Hi Mathieu,
In case you don't remember, I work in the ARM architecture team with responsibility for debug and CoreSight. We have met before at Linaro Connect and discussed the Linaro support for CoreSight.
I have to say it's all looking very encouraging, with progress being made on CoreSight and trace support. So that's all good!
Now, I don't normally read the Linux mailing lists, but Al Grant pointed me at this patch to add CoreSight STM support [1].
[1] http://www.spinics.net/lists/arm-kernel/msg479457.html
There're some points that confuse me about this patch. Since I don't follow the mailing lists, Will Deacon suggested I mail you directly. In particular, its behaviour is different for STMv1 vs. STM-500, as well as being different to the Intel driver [2].
[2] https://github.com/torvalds/linux/blob/master/drivers/hwtracing/intel_th/st…
E.g. consider a call for the following:
uint64 data[128]; // A 64b aligned pointer
stm.packet(16, &((char *)data)[1]); // Send 16 bytes, unaligned
The Intel 32bit driver (sth_stm_driver) will:
* Send a D32 packet consisting of data[4..1] (assuming they don't fault misaligned addresses). Because size > 8, it rounds size down to 4.
* Ignore the other data.
* Only ever generates a single packet.
* For other sizes, rounds size down to power of 2 and returns number of bytes written.

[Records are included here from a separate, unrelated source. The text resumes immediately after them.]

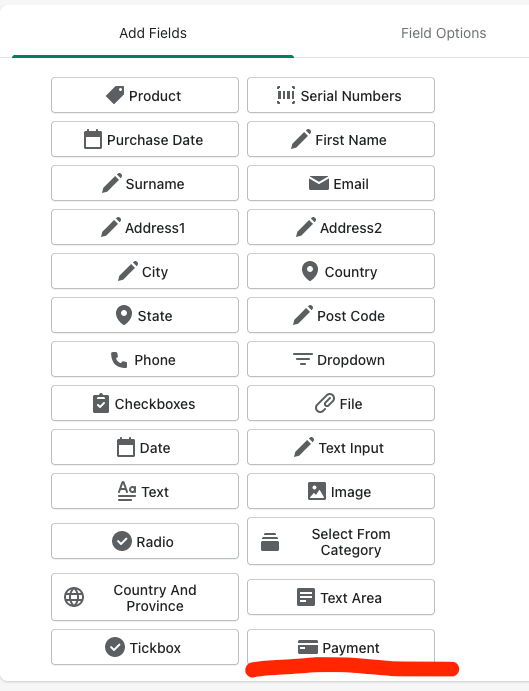 Once the payment integration is validated and saved, the payment field will appear in the Form's Design (normally the payment field is not available if there is no payment integration)
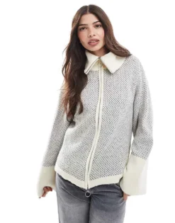 Pieces Jacquard Zip Through Cardigan With Wide Sleeves In Cream And Grey Mix For Women Birch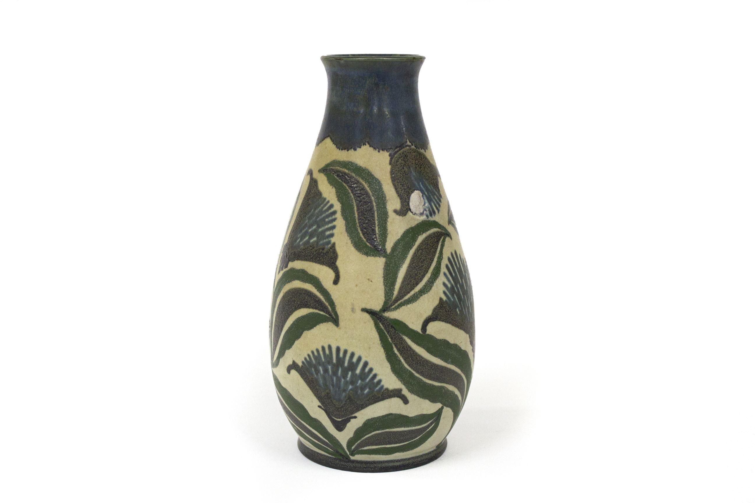 Pied de lampe, céramique émaillée bleu vert et noir sur fond ivoire, signé et daté 1925 sous la base, H 28 cm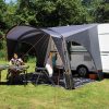 Die Vorderwand besitzt ein großes Klarfolienfenster und die eingenähten Gardinen schließen die Fenster von innen blickdicht.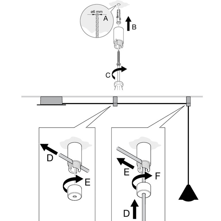 CINI&NILS - Cordina Decentratore è un accessorio utile a formare con il cavo delle sorgenti luminose della famiglia Cordina dei tragitti per portare la luce dove necessita.

The Intel 64bit driver (sth_stm_driver) will:
* Do nothing because size > 8.
* Only ever generates a zero or one packets.
* For size <= 8, rounds size down to power of 2 and returns number of bytes written.
The CoreSight 32bit driver (stm_send) will:
* Send a D1=data[1], D2=data[3..2], D4=data[7..4], D4=data[11..8], D4=data[15..12], D1=data[16] stream.
* This is very inefficient use of bandwidth.
The CoreSight 64bit driver (stm_send_64bit) will:
* Send a D8=ZeroExtend(data[7..1]), D8=data[15..8] D8=ZeroExtend(data[16])
* This function only ever sends D8 packets.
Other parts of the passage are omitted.